What a day - I bumped into my ex-boss, the Silver Fox in the queue for my morning latte. Having previously asked him for feedback re: my daily musings and possible weekend work experience. He ignored me and didn't even offer an acknowledgement re: the blog, so I was gently tickled by his discomfort at bumping into me and being forced into polite, awkward conversation. By the end of the day there was one person on my mind, who could with a flash of his mega watt smile oblierate a day worth forgetting.
P or Tigger as I like to call him is one of my favourite people and my unofficial baby brother (well that's how I treat him anyway!). Imagine an impossibly handsome EastEnders 'Jack' lookalike (or so the girls tell me - to keep his ego in check I regularly call him a wossy pretty boy). He is always immaculately clad in designer suits or smart casuals, sunglasses (always on hand just in case the sun puts in an appearance), a bright, witty conversationalist, adores his family and friends and has the good humour of an overexcited labardor.

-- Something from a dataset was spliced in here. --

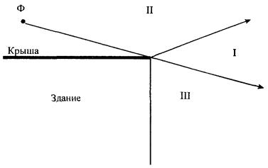 Обе составляющие рассчитываются по методике, соответствующей свободному пространству. Для учета влияния горизонтальной идеально проводящей плоскости конечных размеров выделяется три области, соответствующие приближению геометрической оптики (рис. 8.2): I - область прямых лучей, II - область интерференции прямых и отраженных лучей, III - область тени, в которой предполагается отсутствие поля. Рис. 8.2. Деление пространства на области. Исходными данными для учета конечных размеров крыши вдоль азимута φ (рис. 8.3) являются: координаты фазового центра Ф{0, 0, zФ}, координаты расчетной точки М{xM, yM, zm}, координаты углов крыши А{хA, уA, za}, В{хB, уB, zB]. Последовательность расчета: 1. Вычисляются значения некоторых вспомогательных параметров: 2. Определяются координаты точки К (точки пересечения кромки крыши АВ линии Оξ): · для φ ≠ · для φ = xK = 0, yK = aAB (8.7) 3. Рассчитываются расстояния: 4. В соответствии с алгоритмом, приведенном на рис. 8.4, определяется принадлежность точки М к одной из трех областей. 5. Приведенный порядок расчета повторяется для всех выбранных значений φ, соответствующих положению линии Оξ, внутри сектора углов АОВ. Рис. 8.3. К учету влияния горизонтальной крыши. Примечание. В приложении 9 приведена информация о рекомендуемом программном обеспечении, включающем в себя расчеты плотности потока энергии по приведенным выше методикам для рассмотренных технических средств. Рис. 8.4. Алгоритм определения области нахождения точки М. 9. Инструментальный контроль уровней электромагнитных полей радиосредств9.1. Инструментальный контроль уровней ЭМП проводится с целью определения фактического состояния электромагнитной обстановки в местах расположения излучающих радиосредств. Измерения проводятся: · на этапе предупредительного санитарного надзора (при приемке объекта в эксплуатацию); · на этапах текущего санитарного надзора (при изменении ситуационных планов размещения антенн, технических характеристик или режимов работы объекта; · после проведения защитных мероприятий, направленных на снижение уровней ЭМП; · в порядке плановых контрольных измерений (не реже одного раза в год). 9.2. Подготовка к проведению инструментального контроля включает несколько этапов: · согласование цели, времени и условий проведения измерений с заинтересованными организациями и предприятиями; · рекогносцировку района проведения измерений (подготовка информации о местности, рельефе, наличии переотражающих поверхностей, выбор трасс и точек измерений); · подготовку информации об источнике излучения (типы передающих средств, рабочие частоты, режимы и мощности, типы антенн, их параметры и пространственное положение); · изучение нормативной санитарно-гигиенической документации, относящейся к данному виду технических средств; · обеспечение измерений дальности до точки измерений; · подбор и подготовку необходимой измерительной аппаратуры; · выполнение расчетного прогнозирования; · определение необходимости использования средств индивидуальной защиты. 9.3. Для инструментального контроля используются измерители плотности потока энергии (ППЭ), к которым предъявляются следующие требования: · измерительная антенна (зонд, датчик поля) не должна существенно искажать структуру измеряемого поля; · измерительная антенна (зонд, датчик поля) должна иметь изотропную харак

During the time we've been buddies we've been through, one divorce (his from a young bunny boiler S), one broken romance (mine with the IT love rat), redundancy (both of us from the same company, although in Tigger's case he softened his blow recovering via a round robin of holidays which would have rivalled a good travel journalist airmiles).
We bonded over long pub lunches and evening meals spent laughing, supporting, lecturing and commesarating with each about our pathetic lives and this tradition continues today. Having poured out the gory details of my car crash day to suitable Tigger empathy, the conversation moved to my favourite topic romance. NO not mine silly..his !
Since we last met up, Tigger's romance with 'the child' (she is a decade younger than him and therefore worthy of more than just one nickname by me - the hobbit is my other one for her), they have moved into together and now Tigger wants to buy a house with her.
"Why don't you just marry her, it would be cheaper in the long run!", I cheekily reminded him of my conviction that his continued pursuit of young women, despite experiencing a recent painful divorce from one, will inevitably lead him toward serial marriage status. "You cheeky cow!" he laughed. "Only you can get away with talking to me like that".
"Darling all I am saying is widen your search area for God's sake. You always go for A and B and they are always identikit children! You have never broadened your horizons. I absolutely adore you, but you are so rubbish with picking women! You need to be with a grown up woman (no not me it would be like dating a baby brother.)
"Someone who gives you a run for your money. Someone smart, sexy and independent, someone who can keep you on your toes for once. Obviously I'll have to give her the once over and let's be honest you can't be a Sugar Daddy all your life"
"I know. I hear you, but I hate it when you're right" he smirked sipping his wine. "But she's lovely. she is very mature for her age".
"Tigger, that wouldn't be hard at all, seeing as she's with you".